REQUIRED ACTION: Leaving out the pictures, retype the lines from the top of the listing through the line with "- The Wide World" exactly.

AVAILABLE DATA:
■ ■ ■ ■

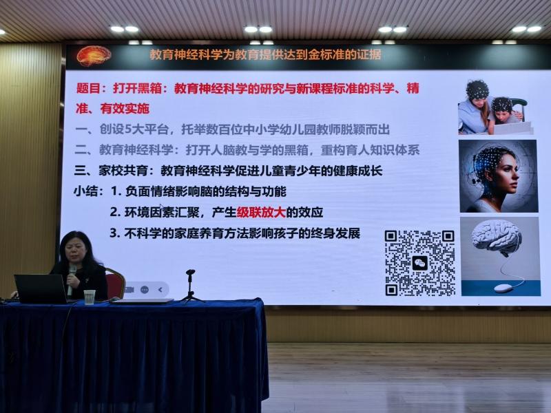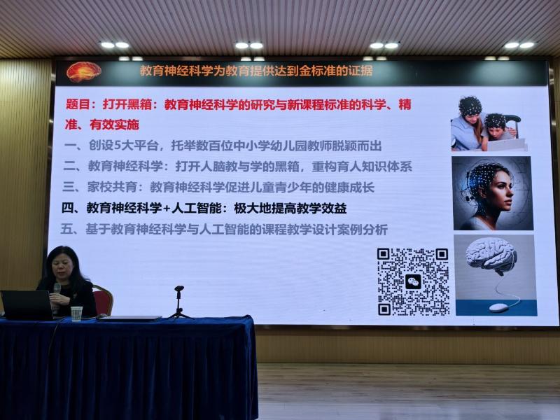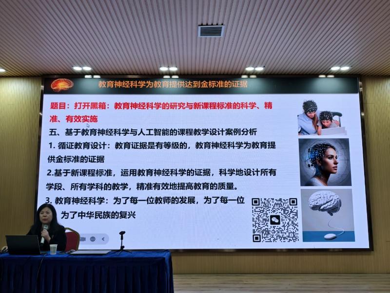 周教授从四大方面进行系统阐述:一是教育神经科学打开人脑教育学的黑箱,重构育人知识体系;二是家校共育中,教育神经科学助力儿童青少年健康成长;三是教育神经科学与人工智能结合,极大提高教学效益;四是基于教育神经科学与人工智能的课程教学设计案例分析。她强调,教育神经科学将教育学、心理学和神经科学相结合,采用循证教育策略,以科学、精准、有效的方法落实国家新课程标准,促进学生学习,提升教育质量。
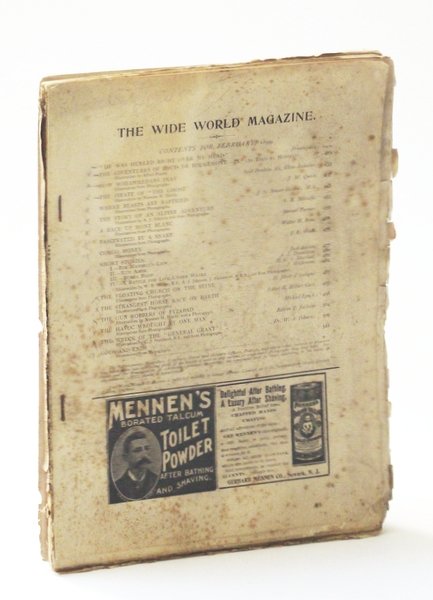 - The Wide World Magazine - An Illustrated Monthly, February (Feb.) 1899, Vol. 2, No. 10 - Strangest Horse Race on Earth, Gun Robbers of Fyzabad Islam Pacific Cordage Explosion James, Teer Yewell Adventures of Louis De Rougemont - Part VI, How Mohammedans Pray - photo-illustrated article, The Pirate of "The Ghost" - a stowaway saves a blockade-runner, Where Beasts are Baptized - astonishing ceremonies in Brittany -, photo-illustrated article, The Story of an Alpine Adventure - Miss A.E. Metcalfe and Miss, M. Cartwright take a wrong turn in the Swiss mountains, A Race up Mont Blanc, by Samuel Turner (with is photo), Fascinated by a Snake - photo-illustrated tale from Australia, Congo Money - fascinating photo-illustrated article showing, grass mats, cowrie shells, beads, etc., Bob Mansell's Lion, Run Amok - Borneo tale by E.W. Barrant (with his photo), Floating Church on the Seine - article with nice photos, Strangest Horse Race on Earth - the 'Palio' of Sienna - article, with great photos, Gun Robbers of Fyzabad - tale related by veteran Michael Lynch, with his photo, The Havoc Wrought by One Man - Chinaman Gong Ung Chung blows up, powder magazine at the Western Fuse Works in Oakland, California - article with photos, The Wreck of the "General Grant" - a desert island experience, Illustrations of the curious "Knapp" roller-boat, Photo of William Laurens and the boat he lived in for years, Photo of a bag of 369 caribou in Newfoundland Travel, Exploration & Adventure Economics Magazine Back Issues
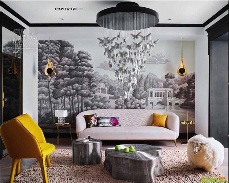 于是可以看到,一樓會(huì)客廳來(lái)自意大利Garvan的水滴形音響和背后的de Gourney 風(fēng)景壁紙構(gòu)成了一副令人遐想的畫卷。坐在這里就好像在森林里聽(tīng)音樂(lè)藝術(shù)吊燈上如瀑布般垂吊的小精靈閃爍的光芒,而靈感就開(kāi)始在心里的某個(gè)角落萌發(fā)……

■ ■ ■ ■

TASK SOLUTION:
 周教授从四大方面进行系统阐述:一是教育神经科学打开人脑教育学的黑箱,重构育人知识体系;二是家校共育中,教育神经科学助力儿童青少年健康成长;三是教育神经科学与人工智能结合,极大提高教学效益;四是基于教育神经科学与人工智能的课程教学设计案例分析。她强调,教育神经科学将教育学、心理学和神经科学相结合,采用循证教育策略,以科学、精准、有效的方法落实国家新课程标准,促进学生学习,提升教育质量。
 - The Wide World Magazine - An Illustrated Monthly, February (Feb.) 1899, Vol. 2, No. 10 - Strangest Horse Race on Earth, Gun Robbers of Fyzabad Islam Pacific Cordage Explosion James, Teer Yewell Adventures of Louis De Rougemont - Part VI, How Mohammedans Pray - photo-illustrated article, The Pirate of "The Ghost" - a stowaway saves a blockade-runner, Where Beasts are Baptized - astonishing ceremonies in Brittany -, photo-illustrated article, The Story of an Alpine Adventure - Miss A.E. Metcalfe and Miss, M. Cartwright take a wrong turn in the Swiss mountains, A Race up Mont Blanc, by Samuel Turner (with is photo), Fascinated by a Snake - photo-illustrated tale from Australia, Congo Money - fascinating photo-illustrated article showing, grass mats, cowrie shells, beads, etc., Bob Mansell's Lion, Run Amok - Borneo tale by E.W. Barrant (with his photo), Floating Church on the Seine - article with nice photos, Strangest Horse Race on Earth - the 'Palio' of Sienna - article, with great photos, Gun Robbers of Fyzabad - tale related by veteran Michael Lynch, with his photo, The Havoc Wrought by One Man - Chinaman Gong Ung Chung blows up, powder magazine at the Western Fuse Works in Oakland, California - article with photos, The Wreck of the "General Grant" - a desert island experience, Illustrations of the curious "Knapp" roller-boat, Photo of William Laurens and the boat he lived in for years, Photo of a bag of 369 caribou in Newfoundland Travel, Exploration & Adventure Economics Magazine Back Issues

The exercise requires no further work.